Медленно продвигаюсь по направлению к Хай-стрит сквозь скопления деловито снующих людей. В витринах яркая реклама, сулящая невероятные скидки и потрясающе выгодные покупки. Наружу из дверей магазинов вырываются музыка и теплый воздух, вываливаются люди с тремя, четырьмя, пятью заполненными доверху бумажными пакетами. Меня пихают, толкают со всех сторон, а кафе, когда я все же до него добираюсь, оказывается полно под завязку. Во мне поднимается раздражение, но тут я замечаю Динни, он сидит за столиком у запотевшего окна. В воздухе изумительный крепкий аромат свежемолотого кофе. Я пробираюсь к окну по тесным проходам между столиками.
— Привет, извини, долго пришлось ждать? — Я бросаю куртку на стул напротив него.
— Нет, недолго. Мне повезло с этим столиком — пара старичков как раз поднималась, когда я вошел.
— Будешь еще кофе? Может, поедим чего-нибудь?

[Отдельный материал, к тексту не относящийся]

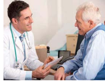
Üçüncül ekonomik faaliyetlerden sağlık hizmetleri

Üçüncül ekonomik faaliyetlerde doğrudan bir üretim görülmekle birlikte insanlara ve diğer ekonomik faaliyetlere ürün ve hizmet sağlanması esastır. Bu faaliyet türüne eğitim, sağlık, ulaşım, turizm, ticaret, bankacılık, pazarlama, güvenlik, sigortacılık, hukuk, belediye ve büro hizmetleri örnek verilebilir. Ülkelerin gelişmişlik seviyeleri arttıkça bu faaliyette çalışanların oranı da artmaktadır.
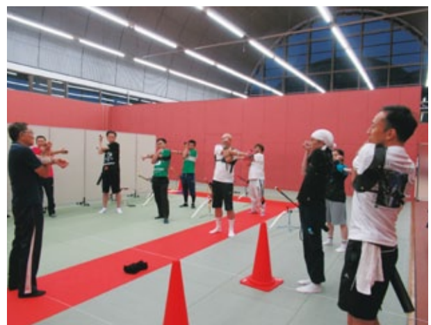
先ずはお決まりの準備体操

さて、いよいよ講習会の開始となります。指導員から防具や用具を手渡され、外のグラウンドの方に行こうとすると皆さんは初心者なので室内で講習を行います、今日は4mの距離からの的を狙いますと言われ一同ガックリする。しかしながら皆、防具と用具を身に着けると選手のような気分になり、テンションが高まり早く矢を射てみたくなる。先ずはお決まりの準備体操から始まる。アーチェリーは飛んだり走ったりしないので、上半身中心で特に腕と首周りを重点的にほぐしてゆく。次に先ほど身に着けた防具と用具の説明を受ける。そして注意事項(マナー)については念入りにお話しされる。一つ間違えれば重大事故につながるので、我々も真剣にマナーについて話を聞いた。ここから実技にうつる。まず、構えから教えてもらう。気をつけの姿勢から足を肩幅くらいに開いていく(スタンス)。次に的に顔を向けていく。野球のバッティングフォームのようだ。まだアローは持たずに、ゴム紐を渡される。
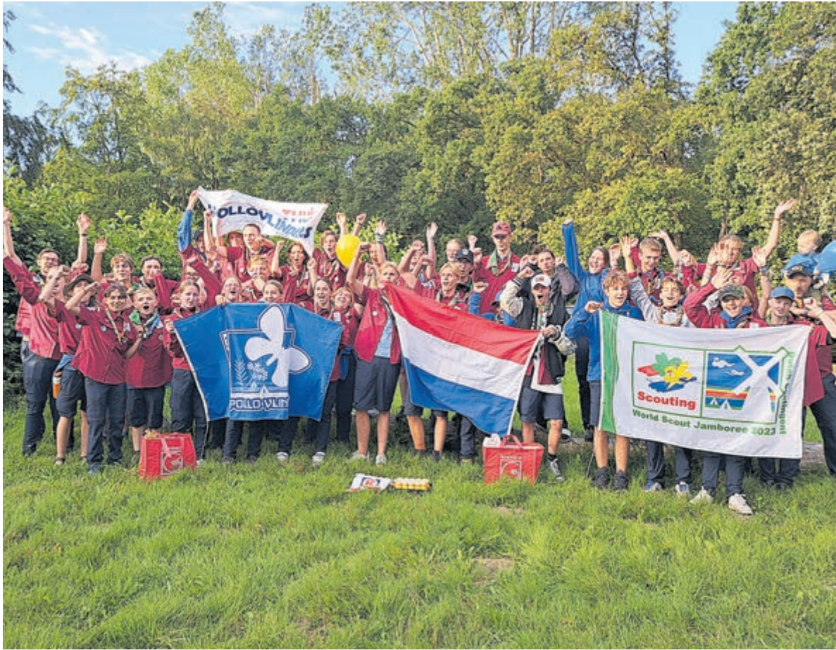
Zaterdagochtend zijn de scouts feestelijk onthaald met een ontbijtje.

— Спасибо. Еще кофейку не помешало бы.
Сцепив пальцы, он кладет руки на влажную столешницу, и что-то в нем вдруг кажется таким непривычным, что я таращусь, не в силах понять что именно. Потом до меня доходит — те редкие случаи, когда я видела Динни вот так, в покое, в уютной обстановке, можно пересчитать по пальцам одной руки. Чтобы он расслабленно сидел за столом, не спешил снова туда, на волю, и занимался чем-то обыденным и прозаичным, например пил кофе в кафе.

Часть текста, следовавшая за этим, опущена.